Because of that, the pricing model is best treated as unknown from public sources. There is also no clearly published free plan for the original Aardvark product. However, OpenAI stated that after Aardvark became Codex Security on March 6, 2026, it was rolling out to ChatGPT Enterprise, Business, and Edu customers via Codex web with free usage for the next month during the research preview period.

Supported platforms and integrations

Aardvark is designed for code repository workflows rather than as a mobile or consumer app.

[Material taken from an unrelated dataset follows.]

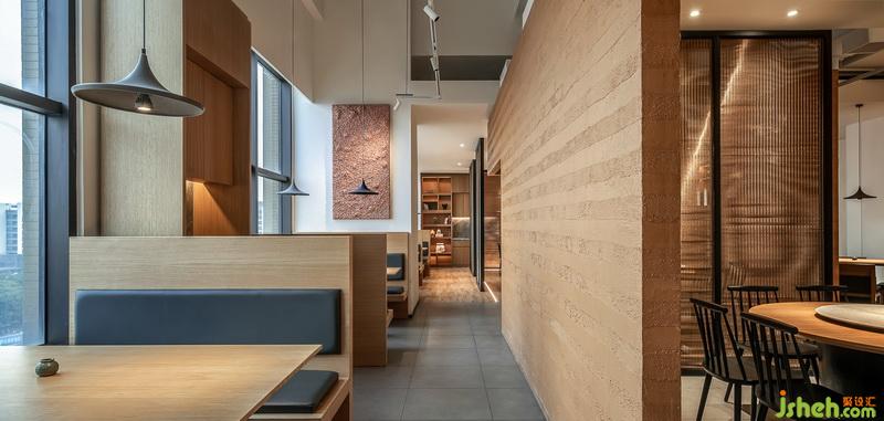 南方鄉(xiāng)下在普通人心理層面形成的印象是什么?當(dāng)然是“潤”。去過南方鄉(xiāng)下的人,一定見過那些用版筑的方式制成泥磚后最常見又最廉價的農(nóng)居。設(shè)計師以此作為空間的材料基點,讓色調(diào)與肌理形成有內(nèi)在聯(lián)系的呼應(yīng),在都市中帶入農(nóng)居的概念。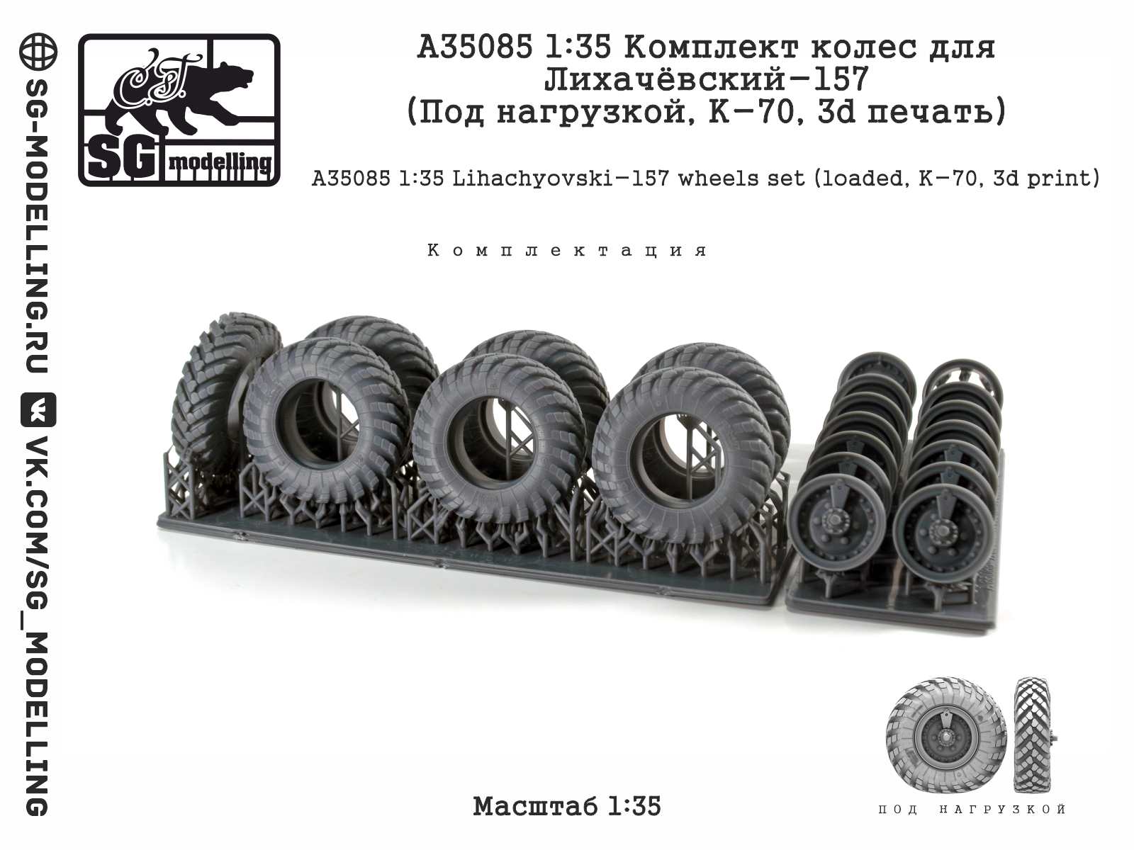 A35085 ДОПОЛНЕНИЯ ИЗ СМОЛЫ КОМПЛЕКТ КОЛЕС ДЛЯ ЛИХАЧЁВСКИЙ-157 ПОД НАГРУЗКОЙ, К-70, 3D (1/35) продается в 1 магазинах. Выберите подходящий Вам интернет-магазин и перейдите по ссылке «В магазин».

OpenAI specifically described integrations with GitHub and Codex, and the newer experience appears to be available through Codex web for supported OpenAI customers.

That makes it best suited to teams already working in modern cloud-based development environments and repository-driven workflows.

Why Aardvark stands out

What makes Aardvark interesting is that it aims to behave more like a security researcher than a basic scanner. Instead of only matching known patterns, it reads code, reasons about behavior, uses tools, and tries to validate what it finds.

That approach can be especially valuable for complex vulnerabilities that depend on broader application logic. It also helps teams move from detection to remediation faster by pairing findings with patch suggestions.

For organizations that want stronger security without slowing development too much, Aardvark points toward a more continuous, AI-assisted model of code defense.

Final thoughts

Aardvark is a strong example of how AI is moving deeper into software security. It is built for teams that need more than a basic code scanner and want help understanding, validating, and fixing vulnerabilities as code evolves.

While public access and pricing have been limited, the tool is worth watching closely, especially now that it has transitioned into Codex Security. If your team already uses OpenAI’s enterprise products and wants AI-driven security support, this is one of the more interesting tools in the space.